▶ _What you have to do_: Your task is to retype, word for word, the lines from the start of the data through the line holding "5.しっかり焼き目がついたらひっくり返して、ピーマンに焼き目がつくまで焼く。". Do not include the pictures.

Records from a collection
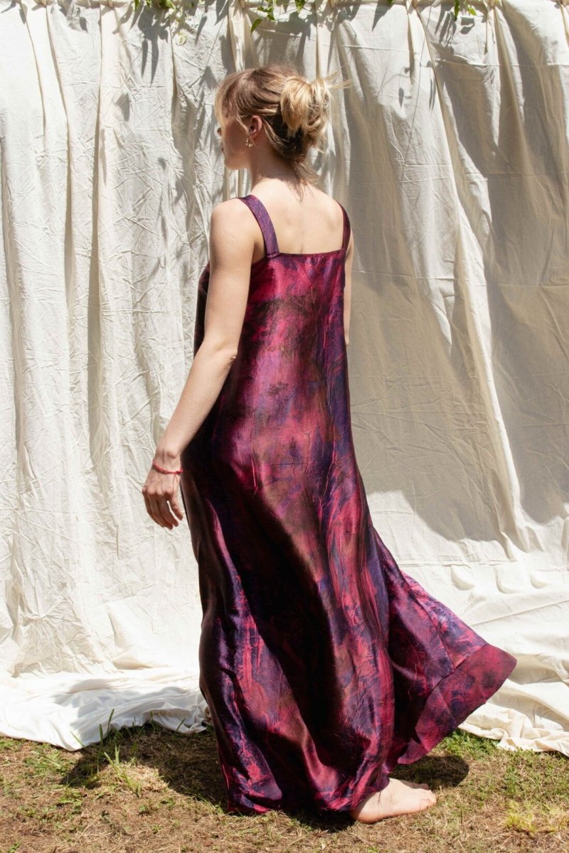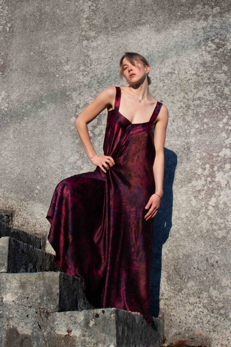 Robe longue evasée en satin de soie imprimée à la main GAIA
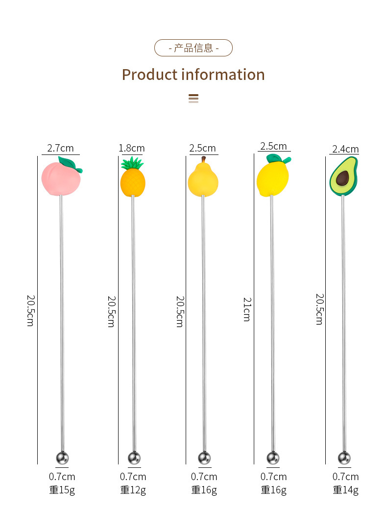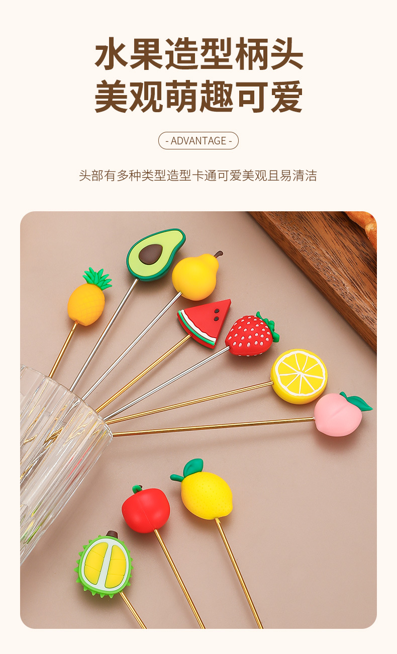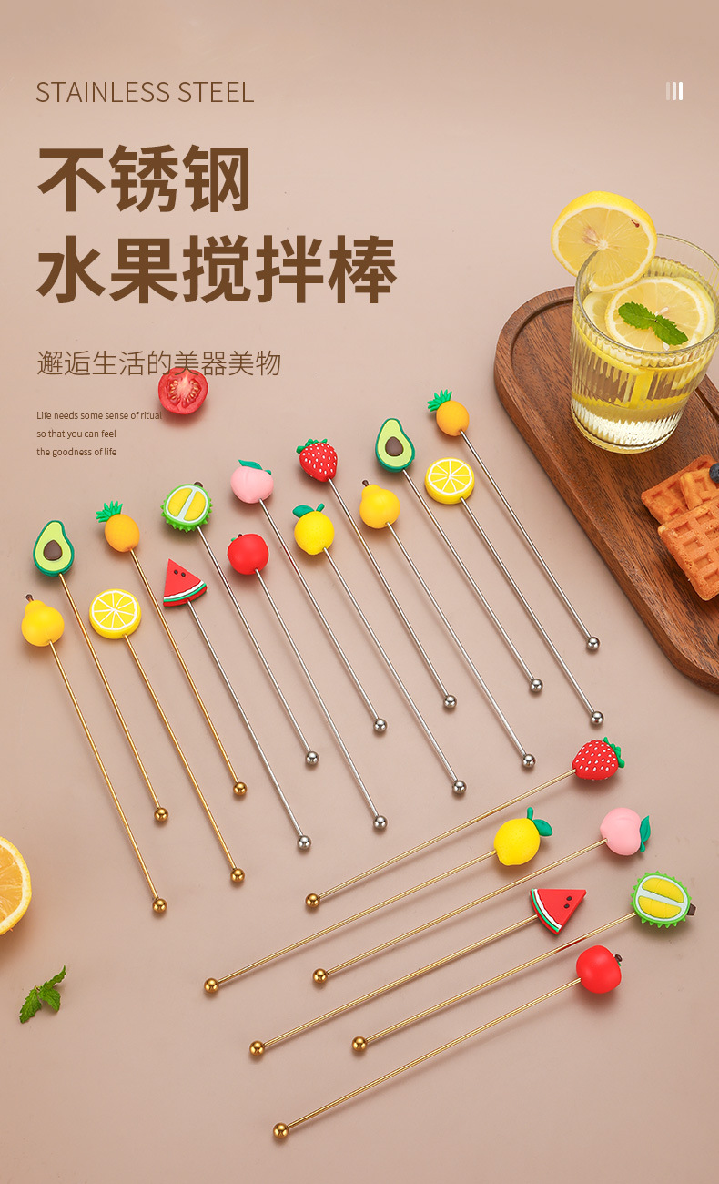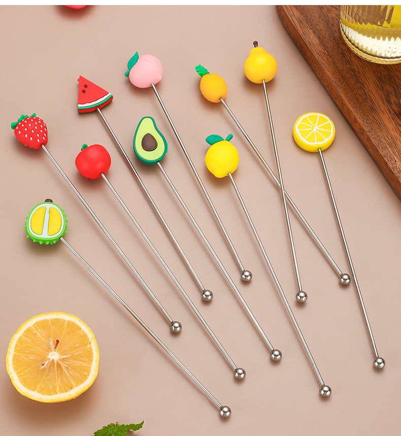 재고 304 스테인레스 스틸 믹서 바 창조적 인 실리콘 과일 커피 혼합 스푼 칵테일 바 혼합 바
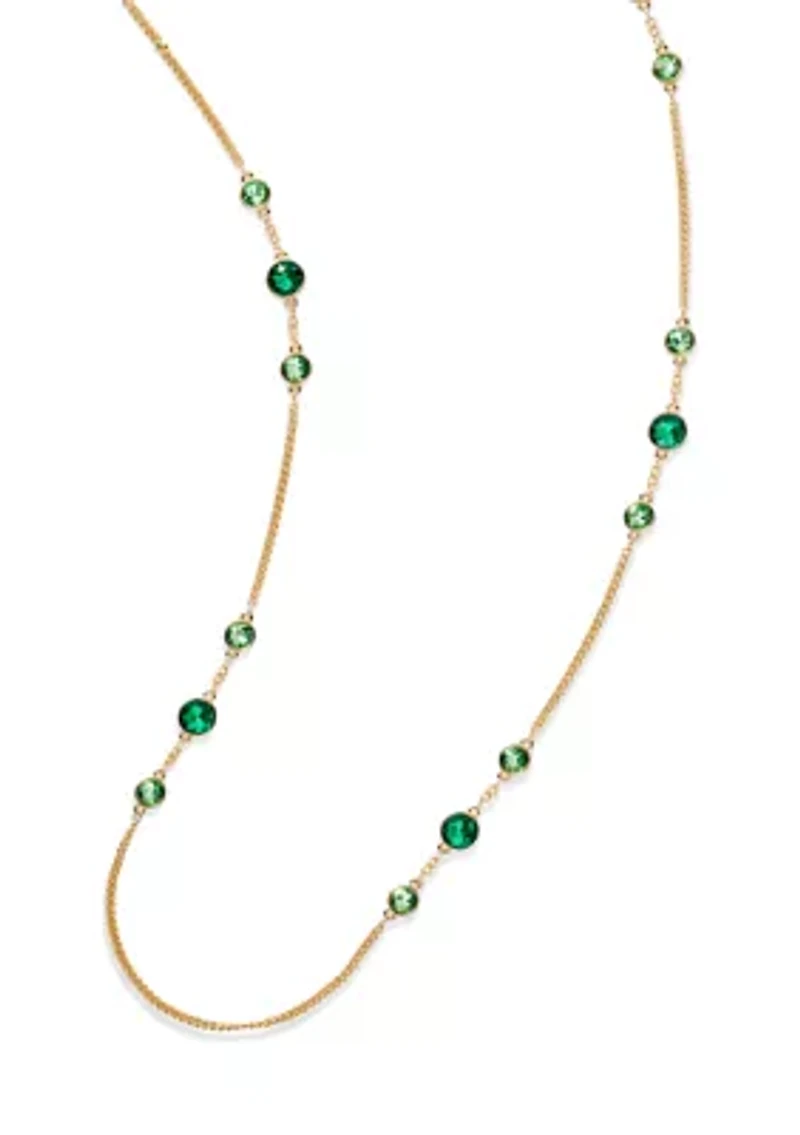 Adorn yourself with this elegant Crown & Ivy™ necklace, perfect for adding a touch of sophistication to any outfit. Crafted from gold-tone metal with a polished finish, this piece features sparkling green crystal stations that catch the light beautifully. Lobster closure Polished finish Imported Belk Exclusive Product Specifications 42'' L Material & Care Gold-tone metal Clean with a soft cloth
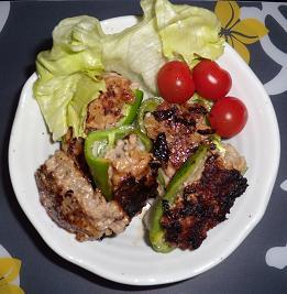5.しっかり焼き目がついたらひっくり返して、ピーマンに焼き目がつくまで焼く。
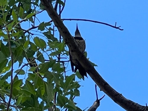 See it? Neither did I. But what I heard was a tapping or knocking sound directly overhead. I thought it might be one of the downy woodpeckers we see here every once in a while, but nope! Just above center, on a bare branch, is a much larger bird.
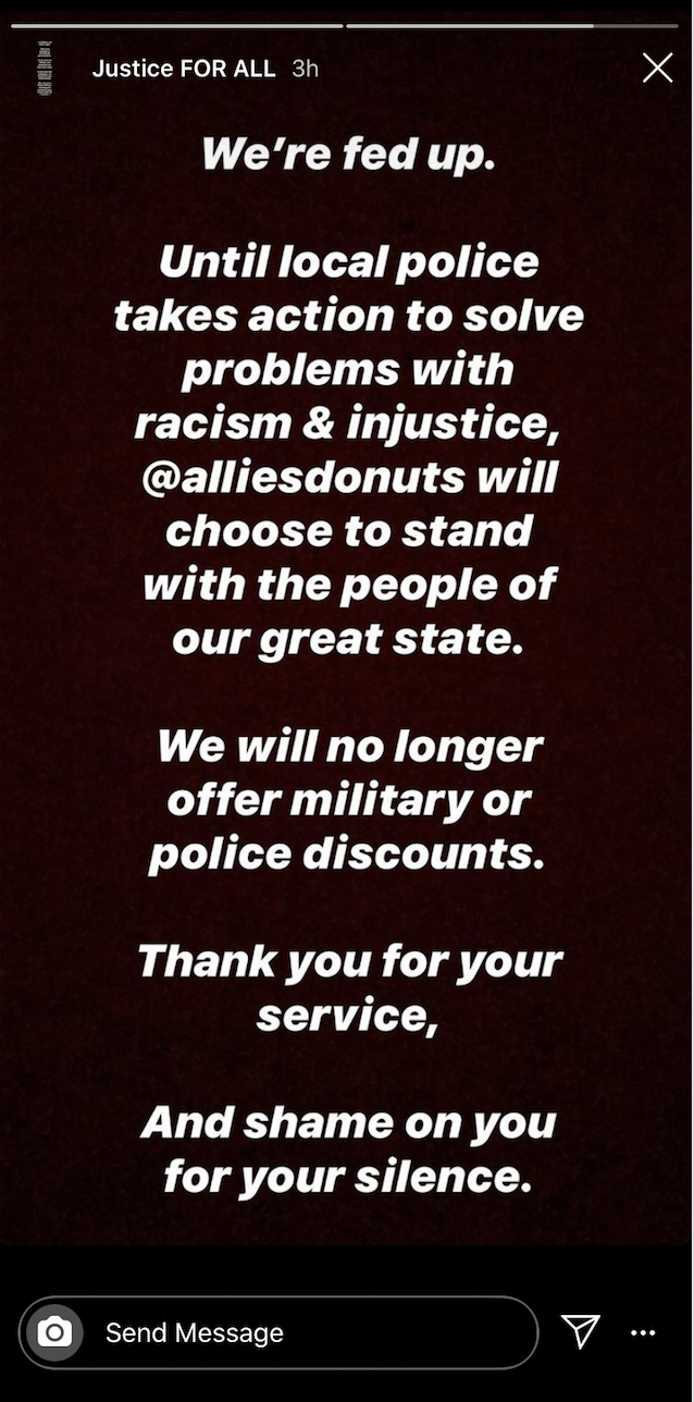 “Until local police take action to solve problems with racism and injustice, @alliesdonuts will choose with the people of our great state,” wrote Allie’s in their initial statement. “We will no longer offer military or police discounts.”
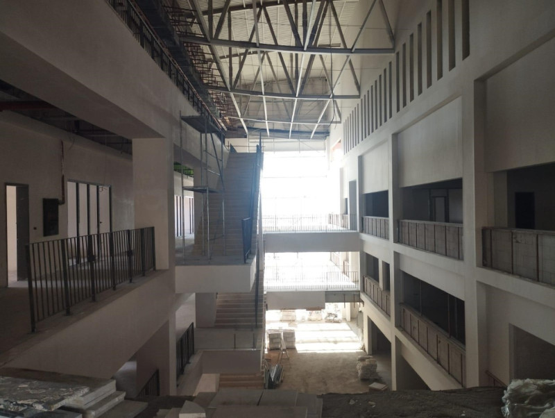 Yüzde 75’i tamamlanan projede devam eden çalışmalar arasında; bina içi şap imalatları, tüm katlarda sac kapı kasa montajları, asma katta koridor zemini 60x120 seramik imalatları ile tüm katlarda asma tavan ve taşyünü karkası imalatları, tüm bina elektrik pano montajlarına ve kablolama imalatları yer alıyor. Çatı (ışıklık) skylight imalatı karkas montajı, başkanlık katı zeminlerinde 60x60 seramik imalatları ve doğalgaz iç tesisatına ve yangın sprıng başlıklarının montajı ise başlayacak çalışmalar arasında.
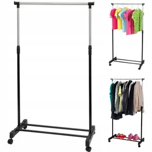 Bardzo praktyczna funkcja w przypadku dłuższych ubrań. Koła z blokadą Nie musimy nosić stojaka. Wyposażony w koła z blokadą przemieścimy bez problemu w dowolne miejsce Wymiary i specyfikacja Wysokość - 80 - 160 cm Szerokość - 78 cm Głębokość - 42 cm Rurki - metal Średnica rurek dolnej półki: 19 mm Średnica rurek bocznych czarnych: 25 mm Średnica rurki górnej:
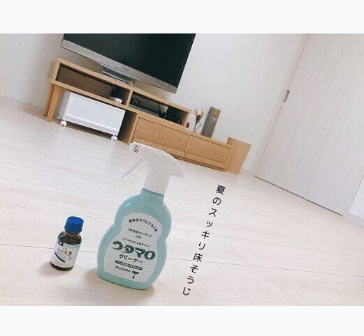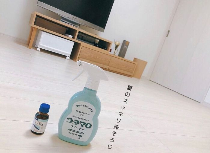 motoko_roomさんは、べたつく床をウタマロ×ハッカ油のコンビですっきり拭き掃除!ウタマロを水で薄めたいつものウタマロ水にハッカ油を数滴加えると、お掃除後のお部屋にさわやかな香りが漂っていいそうですよ(^^)
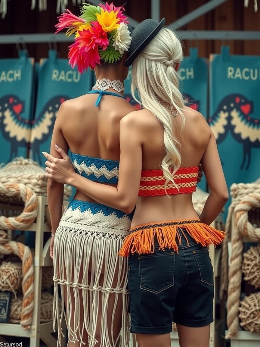 Two women stand back-to-back, showcasing vibrant outfits. One wears a blue and tan ensemble, while the other sports a red and orange look. Their stylish accessories complement the rural setting.

▶ _Solved problem_:
 Robe longue evasée en satin de soie imprimée à la main GAIA
 재고 304 스테인레스 스틸 믹서 바 창조적 인 실리콘 과일 커피 혼합 스푼 칵테일 바 혼합 바
 Adorn yourself with this elegant Crown & Ivy™ necklace, perfect for adding a touch of sophistication to any outfit. Crafted from gold-tone metal with a polished finish, this piece features sparkling green crystal stations that catch the light beautifully. Lobster closure Polished finish Imported Belk Exclusive Product Specifications 42'' L Material & Care Gold-tone metal Clean with a soft cloth
5.しっかり焼き目がついたらひっくり返して、ピーマンに焼き目がつくまで焼く。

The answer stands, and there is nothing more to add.